Mathematical modeling identifies clotting factor combinations that modify thrombin generation in normal and factor VIII-, IX-, or XI-deficient blood

Abstract

Background

In healthy individuals, plasma levels of clotting proteins naturally vary within a range of 50% to 150% of their mean values. We do not know how these variations modify thrombin generation.

Objectives

To assess the impact of protein level variations on simulated thrombin generation in normal and factor (F)VIII-, FIX-, or FXI-deficient blood.

Methods

We used a mathematical model of flow-mediated coagulation to simulate thrombin generation with all possible combinations of clotting protein variations within the normal range and for various tissue factor levels. We selected, analyzed, and ranked combinations that enhanced thrombin generation compared with baseline.

Results

Protein variations most strongly affected thrombin generation at intermediate tissue factor levels. Low tissue factor levels prevented coagulation initiation, while high tissue factor levels always triggered thrombin generation. At intermediate levels, we identified protein variations that substantially modified thrombin generation. Low-normal FV shortened lag times and increased thrombin generation, whereas high-normal FV lengthened lag times and reduced thrombin generation.

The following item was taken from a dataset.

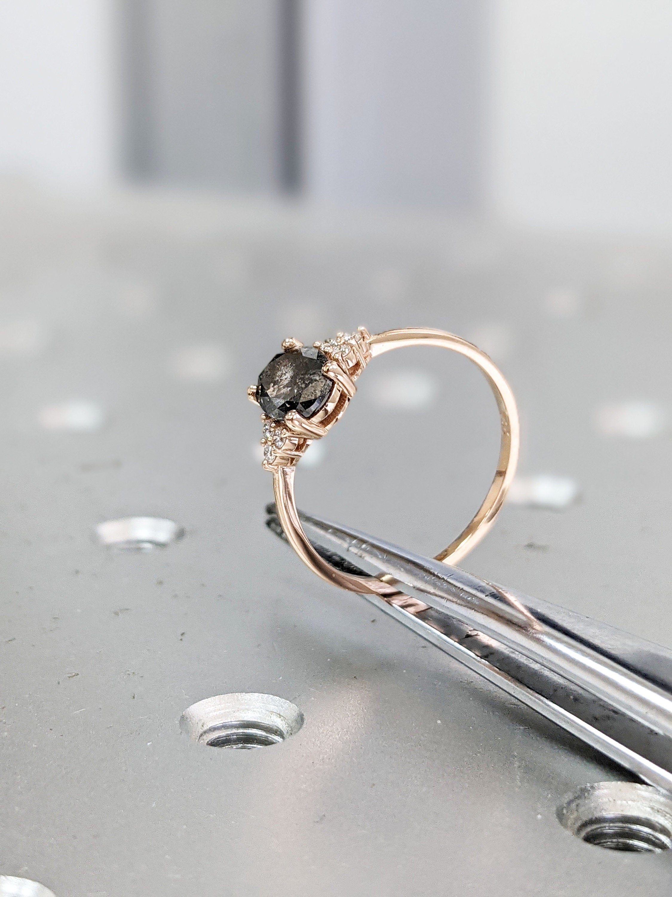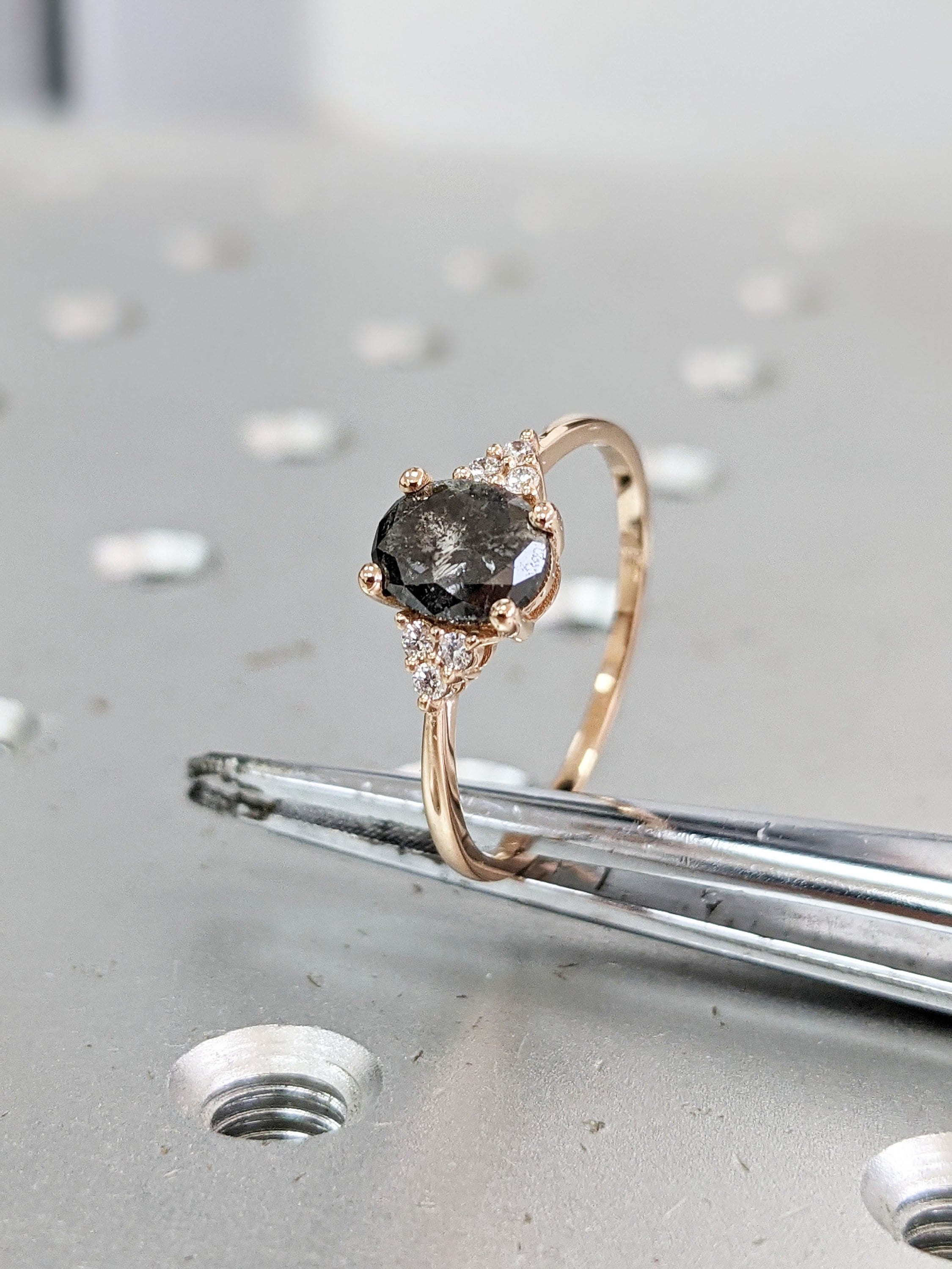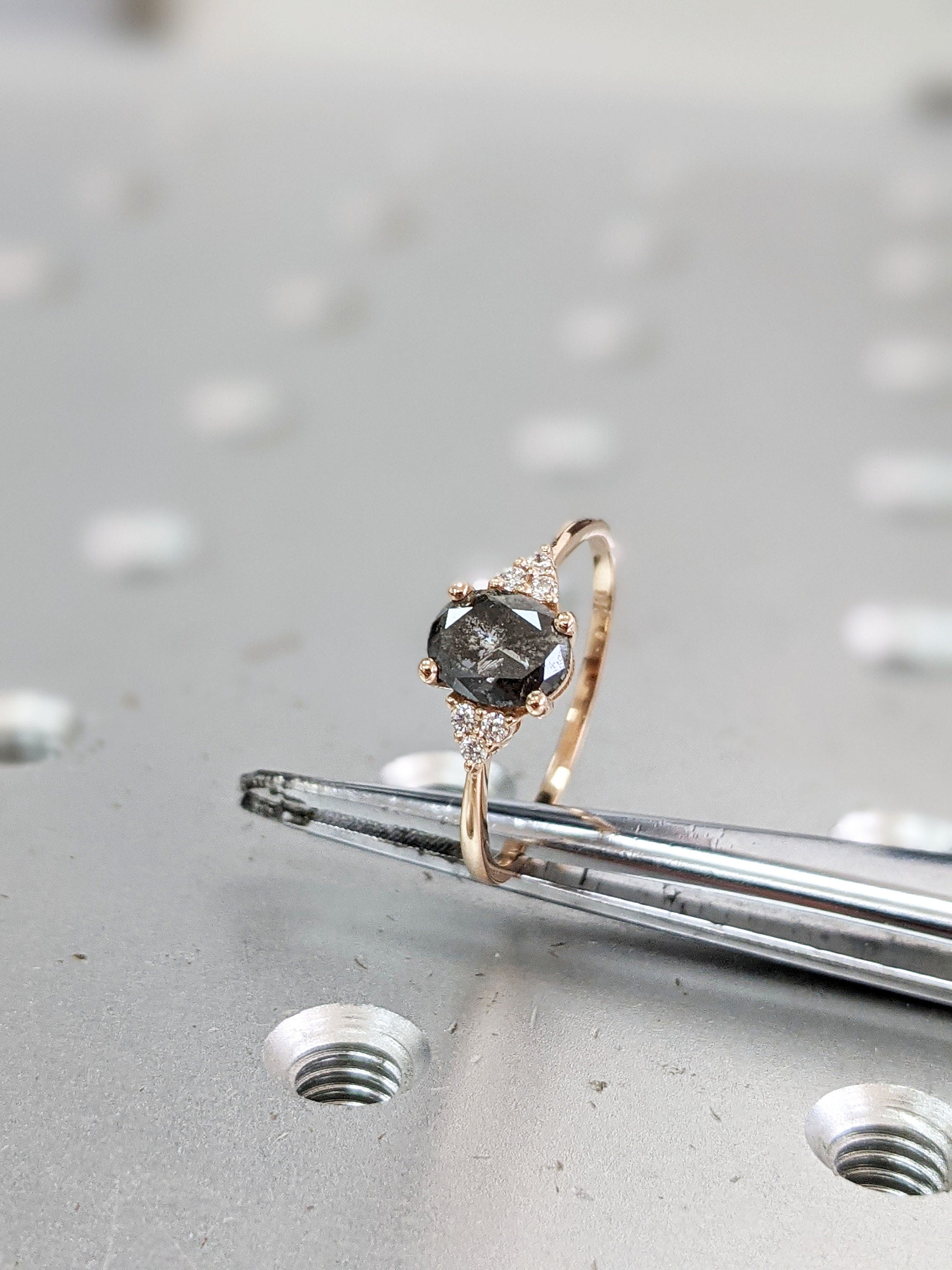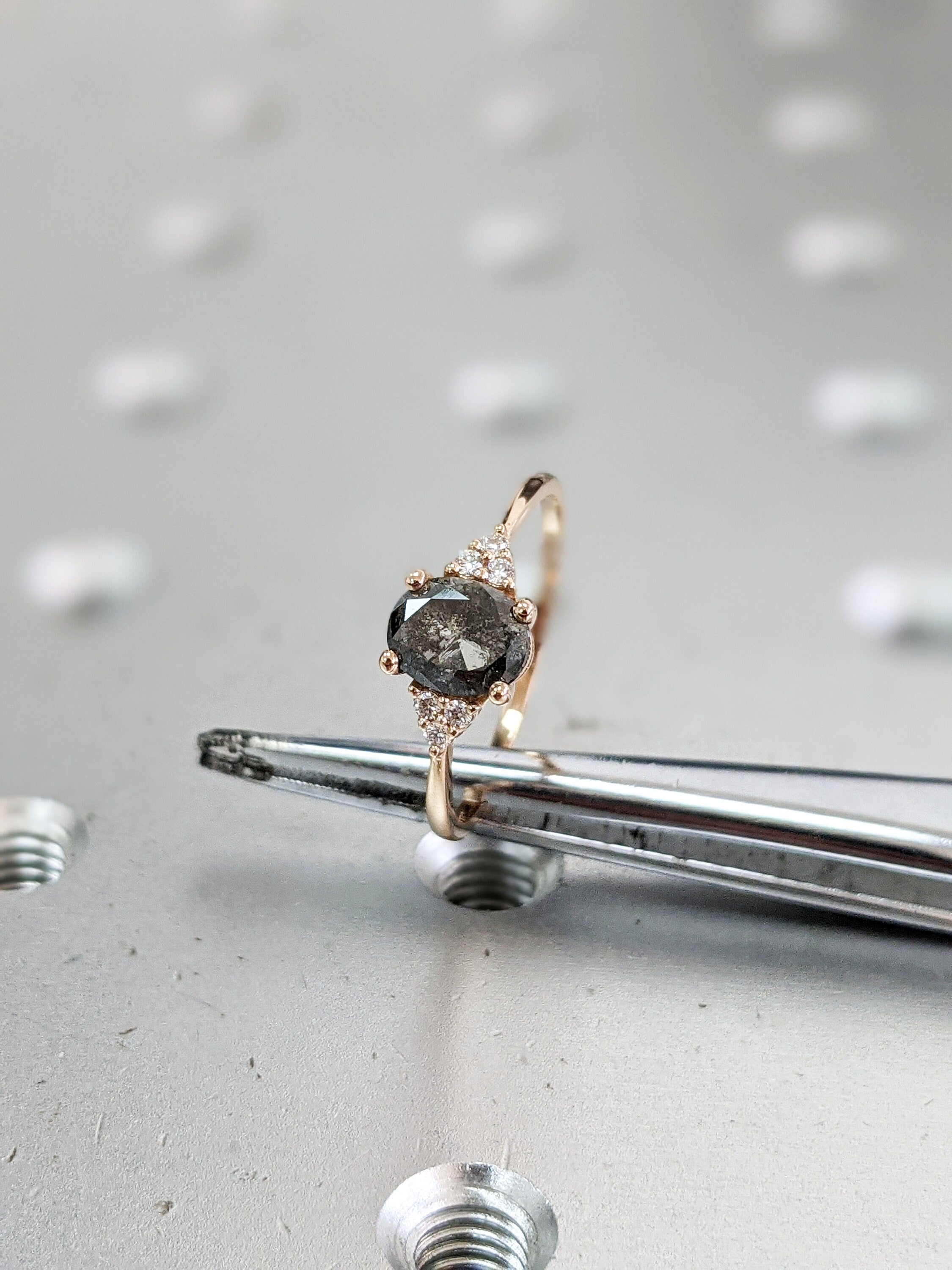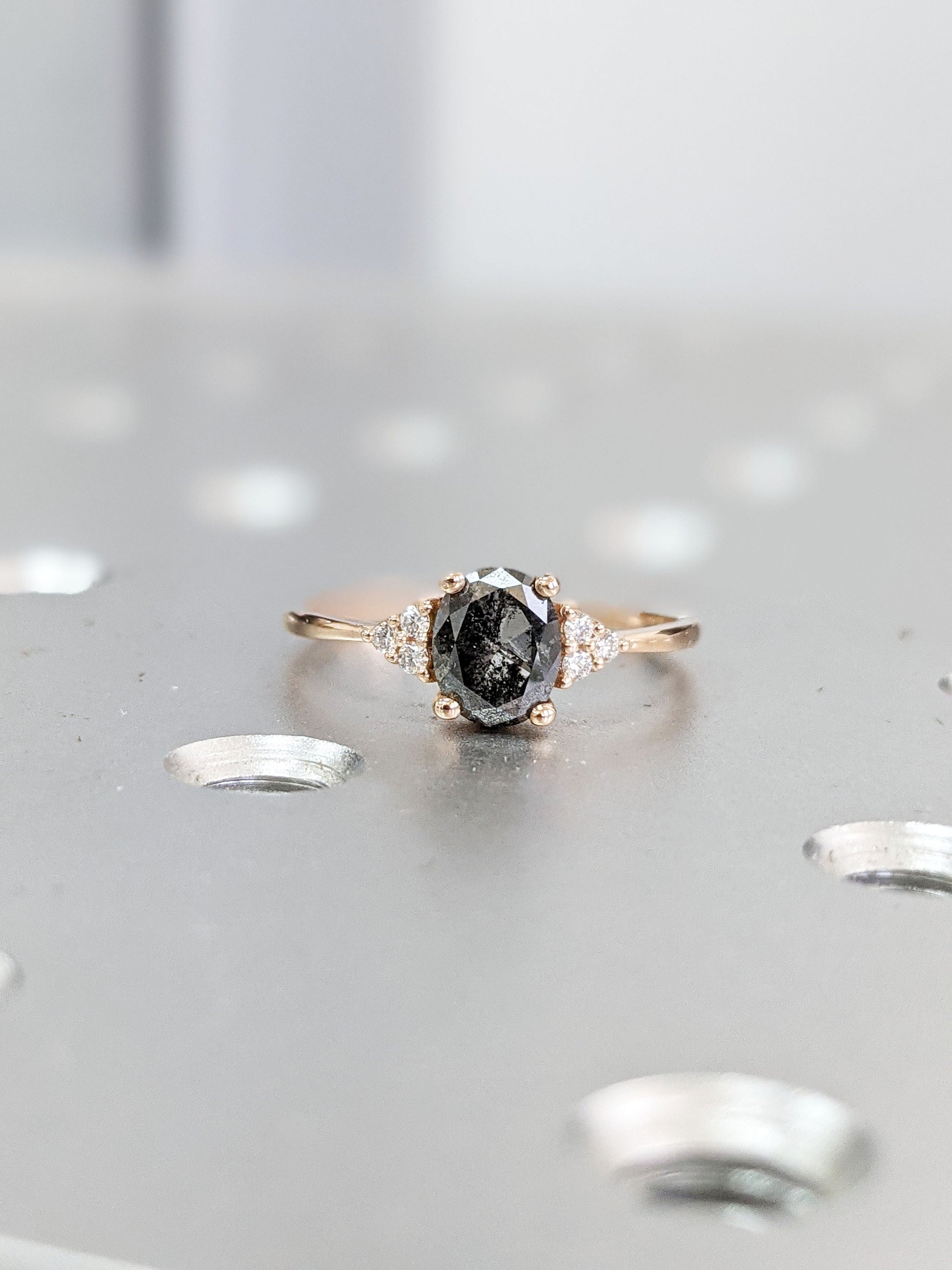 A cluster of 6 round brilliant cut diamonds, with brilliant sparkle and luster, accompany the center salt and pepper diamond, with a oval cut diamond, that gives a strong presence of vintage scent. This beautiful ring is made to order from hand selected and cut

With severe FVIII and FIX deficiencies, low-normal tissue factor pathway inhibitor α and antithrombin amplified the effect of low-normal FV. For moderate FVIII and FIX deficiencies, high-normal tissue factor pathway inhibitor α and antithrombin enhanced the impact of high-normal FV in reducing thrombin production. In normal and FXI-deficient blood, high-normal FVIII and FIX significantly boosted thrombin generation.

Conclusion

Our mathematical model predicted how variations in clotting protein levels, within the normal range, could contribute to the variability of bleeding phenotypes observed with clotting factor deficiencies. Our study generated experimentally testable hypotheses that could aid in developing new therapies toward normal hemostasis.